With a new superintendent, four new principals, two closures and a merger, it might be a long service.
The Archdiocese of Washington has been taking steps to stabilize its system since 2008, when it sold off seven Catholic schools to fix a $4 million deficit. Those schools became charters, which archdiocese spokesman Susan Gibbs calls “a one-time situation.”
Now, the archdiocese is funneling more money into tuition assistance. During the 2008 conversions, it offered just $860,000 in tuition assistance, or 5 percent of families’ need. The amount is now $5 million, or 21 percent of need, thanks to a new “needy students fund” created in late 2009 and funded primarily from private donors that will be used for its first full school year. Tuition ranges from about $4,500 to $7,500 for the 20 schools in the District and 78 in Maryland.
“For every dollar we put up for tuition, we see two dollars back from families, who can now afford to put their children in our seats,” Gibbs said.
Incoming Superintendent Deacon Bert L’Homme said financial recovery was on track. “I don’t think the system is unstable. The Catholic schools, like any schools, can always do better.”
Still, two closures and several close calls show the solution isn’t shatterproof. Holy Redeemer Catholic School, a poor, small school of about 130 students, closed after Congress discontinued the D.C. Opportunity Scholarship program. St. Hugh in Greenbelt closed for a second time because of declining enrollment and financial struggles.

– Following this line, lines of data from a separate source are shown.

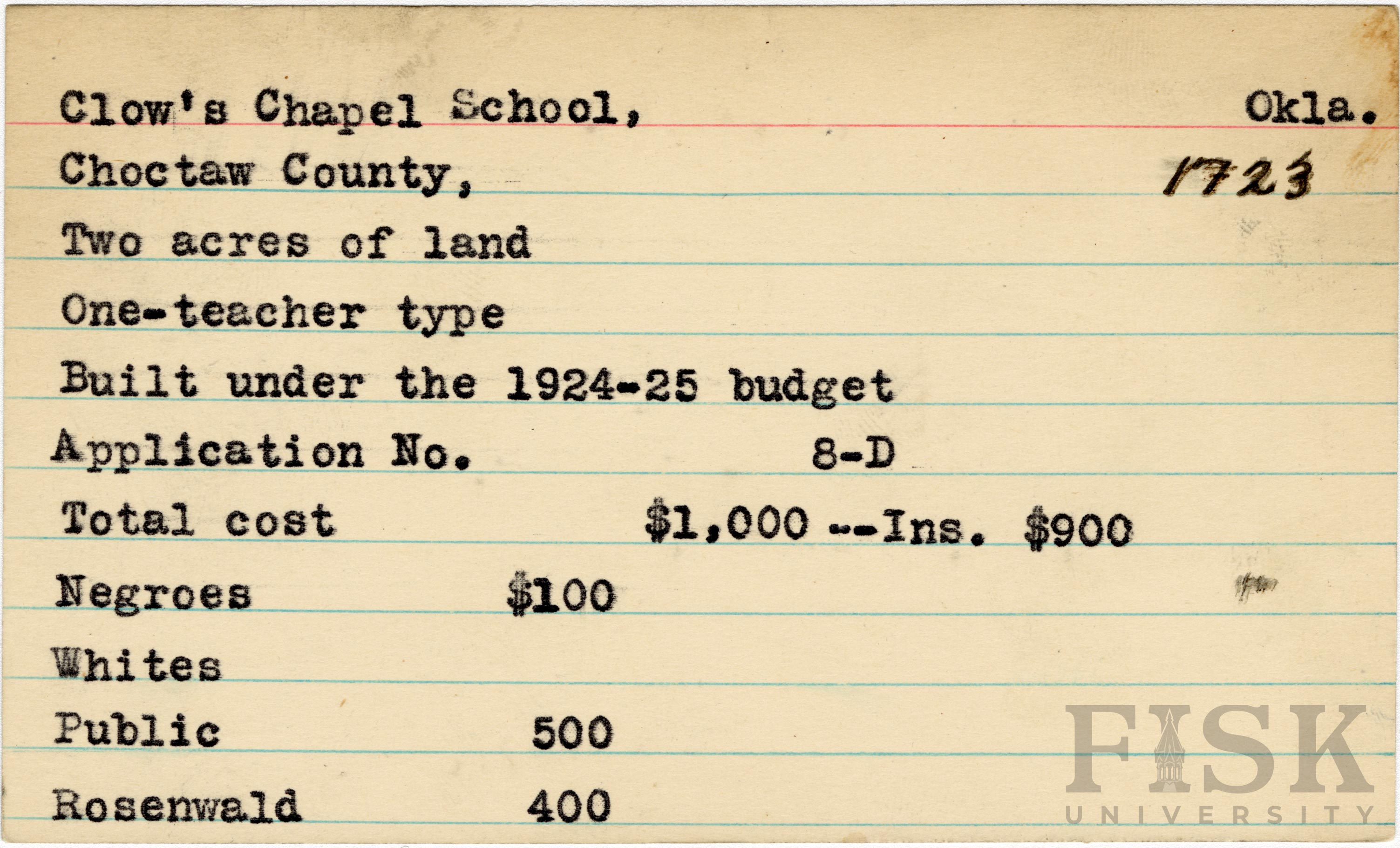 - School card from Rosenwald Fund for Clow's Chapel School in Choctaw County, Oklahoma with a section added to the budget contributions that says, "Ins. $900"
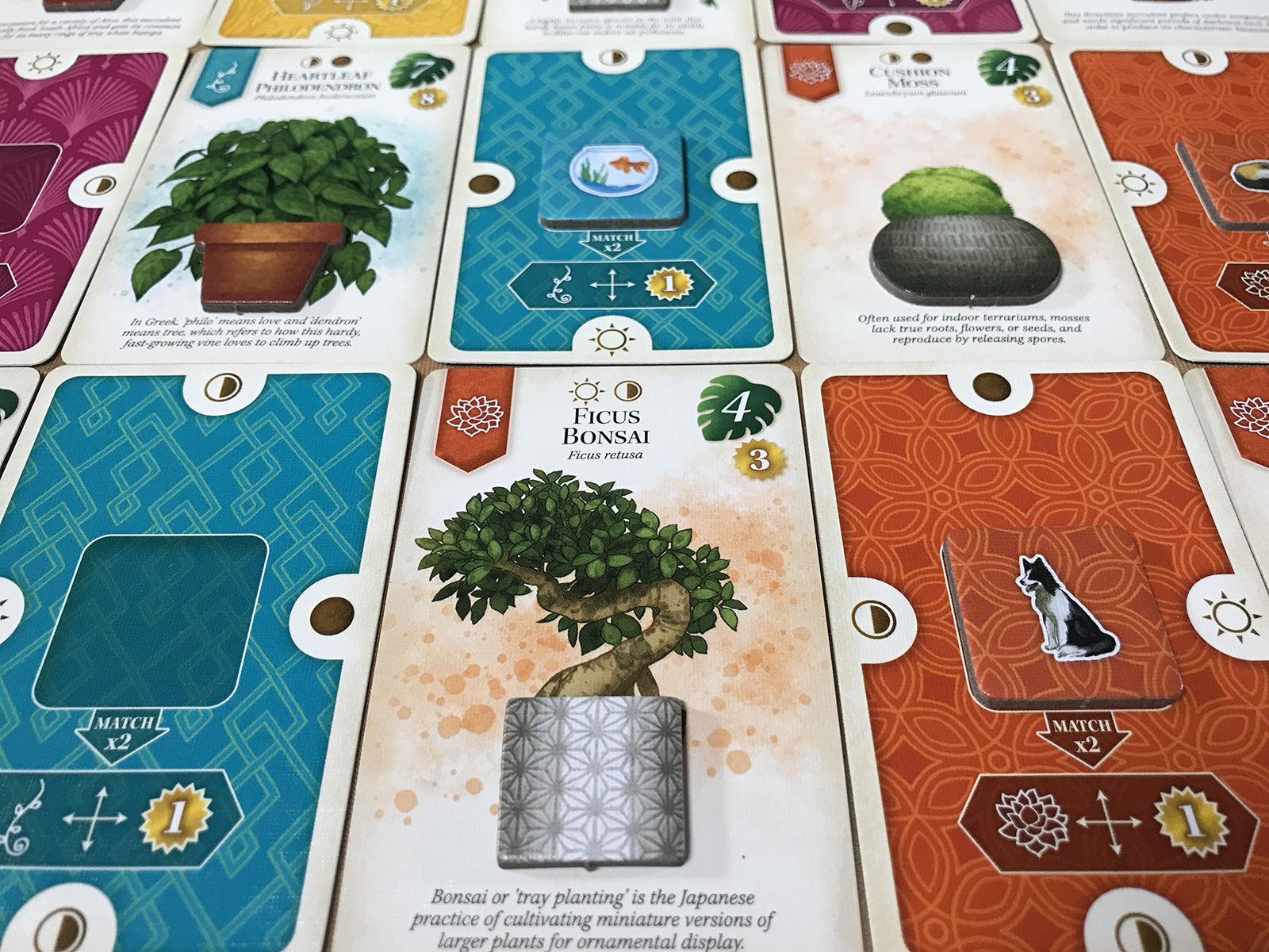 During setup, a random plant and room begin the grid that will ultimately turn into a total of 15 cards. So pretty!
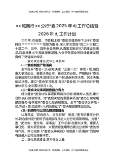 XX城商行XX分行党委2025年党建工作总结暨2026年党建工作计划.docx

St. Mark the Evangelist School in Hyattsville expected the past school year to be its last. Instead, it merged with St. Camillus School in Silver Spring to form the St. Francis International School. This year it will operate only on the St. Camillus campus, but hopes to expand to both within a few years.
Three of the four departing principals, as well as the outgoing superintendent, were promoted or offered national opportunities. The fourth, at Cardinal Hickey Academy in Owings, was a nun reassigned by her national order.
Catholic schools in Northern Virginia, run by the separate Diocese of Arlington, open Aug. 30.